Khan was a character that was bigger than life. He had to be played that way. He was extremely powerful both mentally and physically, with an enormous amount of pride, but he was not totally villainous. He had some good qualities. I saw a nobility in the man that, unfortunately, was overridden by ambition and a thirst for power. I saw that in the character and played it accordingly. It was very well received at the time and I was delighted. Then I forgot about it and went on to the next thing … until the second Star Trek film.
DOROTHY FONTANA
Gene Coon did a rewrite on “A Taste of Armageddon.” Some of the things he added really had a lot to do with the character of Kirk. It was Gene who wrote the speech at the end that man has a reputation as a killer, but you get up every morning and say, “I’m not going to kill today.” It was one of those things that began to identify Kirk far more solidly than we had before.
DAVID GERROLD
I would have to point to “Devil in the Dark” as being the best episode Gene L. Coon ever wrote, because it really gets to the heart of what Star Trek was. Here you had this menace, but once you understood what the creature is and why it’s doing what it’s doing, it’s not really a menace at all. We end up learning more about appropriate behavior for ourselves out of learning to be compassionate, tolerant, and understanding.
HARLAN ELLISON
The idea of “City” came from the image of the City on the Edge of Forever, and it was an image of two cities, which is what it says in the script. The City on the Edge of Forever is the city on this planet. It was not a big donut in my script; it was a city. That was a city that was on the edge of time, and it was where all of the winds of time met. That was my original idea. All the winds of time coalesce, and when you go through to the other side, here is this other city which is also on the edge of fo
rever, which is New York City during the Depression. They’re the mirror image of each other. In that time, all I was concerned about was telling a love story. I made the point that there are some loves that are so great that you would sacrifice your ship, your crew, your friends, your mother, all of time, and everything in defense of this great love.

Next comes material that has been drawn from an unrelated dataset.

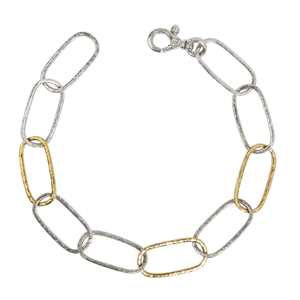 This Gurhan Geo Elongated Link Bracelet is crafted of open, interlocking elongated sterling silver and 24K yellow gold vermeil links. The bracelet is approximately 8 inches long and has a lobster claw closure.

That’s what the story was all about. All of the additional stuff that Gene Roddenberry kept trying to get me to put in, kept taking away from that. The script does not end the way the episode does. Kirk goes for her to save her. At the final moment, by his actions, he says, “Fuck it. I don’t care what happens to the ship, the future, and everything else. I can’t let her die. I love her,” and he starts for her. Spock, who is cold and logical, grabs him and holds him back and she’s hit by the truck.
The TV ending, where he closes his eyes and lets her get hit by the truck, is absolutely bullshit. It destroyed the core of what I tried to do. It destroyed the art; it destroyed the drama; it destroyed the extra human tragedy of it.
JOSEPH PEVNEY
“City on the Edge of Forever” was toward the end of the first season. Harlan was very happy to get his story on Star Trek. He was down on the set thanking me. It’s great that Gene rewrote it though, because Harlan had no sense of theater. He had a great sense of truth, which was very nicely placed in there—all of the 1930s stuff was well documented. It was a well-conceived and well-written show, but in the original script’s dramatic moments, it missed badly.
HERBERT F. SOLOW
We got a lot from Theodore Sturgeon and George Johnson and Harlan Ellison and Gene Coon, who without a doubt was the one who masterminded most of what Star Trek is today, not only inventing and developing the Klingons and their culture, but Gene produced and was in charge of writing all the shows, I think from number seven on until the middle of the second year. It was Gene [Roddenberry] who agreed to bring in some of these science-fiction writers, as opposed to the usual available television writers, who were very good but were not versed in science fiction, fantasy, or fascinating alien characters.